Monday, April 12, 2010

10 Practical Steps to Avoid Employment Liability in 2010

By Erin M. Roark

In January the U.S. Equal Employment Opportunity Commission (EEOC) issued a press release announcing that 93,277 workplace discrimination charges were filed with the federal agency nationwide during Fiscal Year 2009, the second highest level ever. Additionally, private sector job bias charges alleging discrimination based on disability, religion and/or national origin hit record highs. The number of charges alleging age-based discrimination reached the second-highest level ever. Continuing a decade-long trend, the most frequently filed charges with the EEOC in FY 2009 were charges alleging discrimination based on race(36%), retaliation (36%), and sex-based discrimination (30%). Monetary relief obtained by the EEOC for victims in FY 2009 totaled over $376 million.

In releasing the statistics, EEOC Acting Chairman Stuart J. Ishimaru stated, “The latest data tell us that, as the first decade of the 21st century comes to a close, the Commission’s work is far from finished.” The EEOC opined that the near-historic level of total discrimination charge filings may be due to multiple factors, including greater accessibility of the EEOC to the public, economic conditions, increased diversity and demographic shifts in the labor force, employees’ greater awareness of their rights under the law, and changes to the agency’s intake practices that cut down on the steps needed for an individual to file a charge.

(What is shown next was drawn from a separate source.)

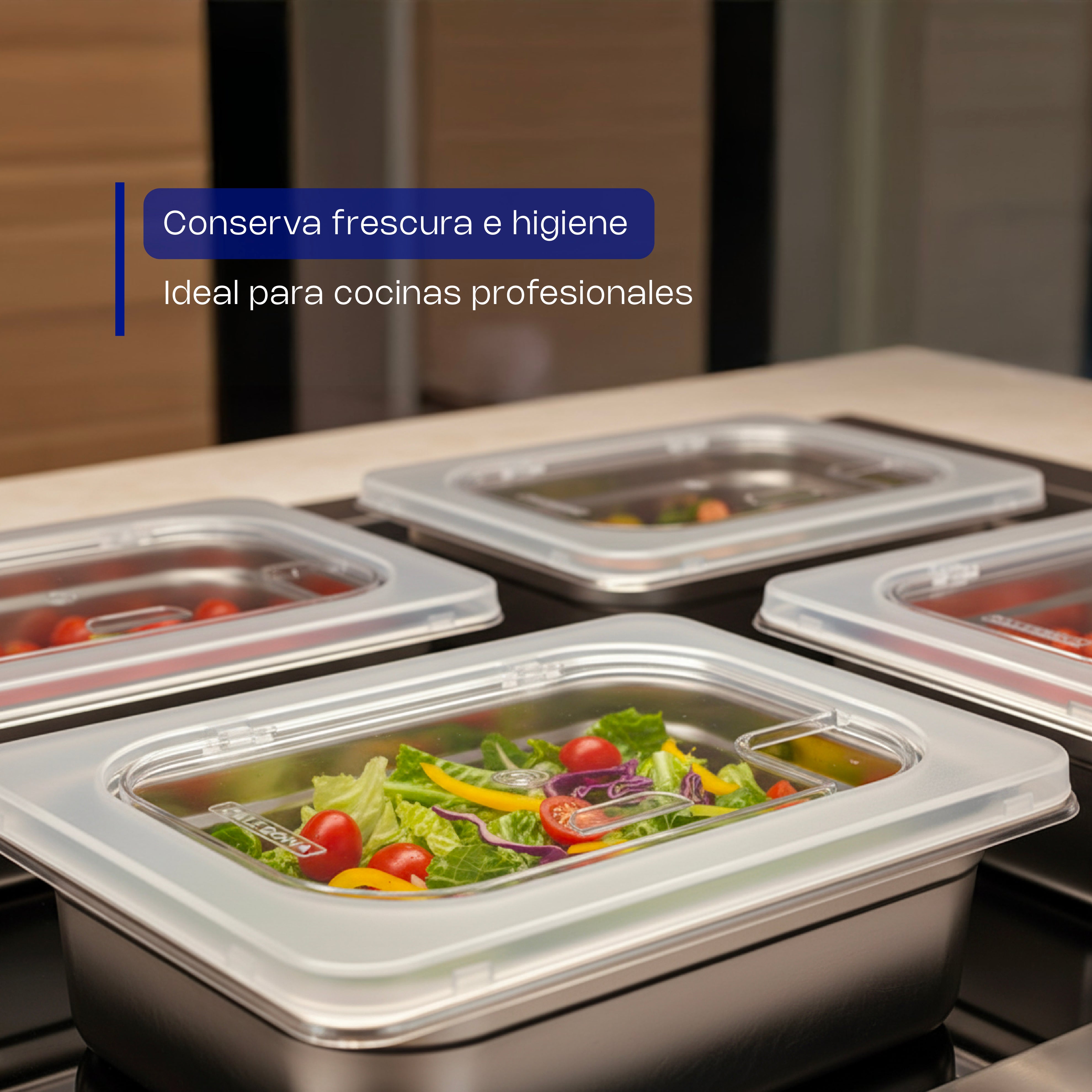 Cuentan con un orificio para cuchara que permite mantener el utensilio dentro del inserto sin comprometer la higiene ni la funcionalidad. Están especialmente diseñadas para insertos de tamaño noveno, garantizando un ajuste preciso con equipos estándar de cocinas profesionales, buffets y comedores institucionales.

Undoubtedly, from the ADA Amendments Act to new FMLA regulations to the stimulus package, 2009 was a year of change in the employment law arena. With such sweeping changes and in light of the EEOC’s reported statistics for FY 2009, this is a good time to internally audit, update and review handbooks and policies. Here are some recommendations for avoiding liability in the New Year.

1. Review and update job descriptions.

Accurate job descriptions can be an employer’s best tool in ADA matters, interviewing, evaluations and workers’ compensation claims. However, in order for job descriptions to be a useful tool, they must be current and accurate. The New Year is a great time to review these job descriptions to ensure they are complete, accurate, and correspond to the actual duties performed.

2. Check your postings.

The new FMLA/DOL poster has been published including the new military leave. Ensure that your DOL, state and federal and workers’compensation notifications are all current and up to date. Don’t wait for the surprise audit or investigation to alert you to deficiencies.

3. Provide harassment training.

Harassment training is a great way to reiterate the employer’s commitment to a harassment free workplace. It is also a way to alert individuals to the means by which to report those concerns. This serves not only as a deterrent for harassment but may alert you to potential problems and aid in the defense of future claims.

4. Conduct ADA training.

The ADA Amendments Act went into effect in 2009. Ensure that your team, managers, and supervisors understand the new definitions and obligations to better engage and interact with your employees and applicants.

5. Update military leave policies.

With the recent passage and amendment to the FMLA military leave provisions for family members of military members, ensure that your policies accurately reflect the obligations under USERRA, FMLA, and any state laws with regard to protection extended to military
members and their families.

6. Review, update or implement performance evaluations.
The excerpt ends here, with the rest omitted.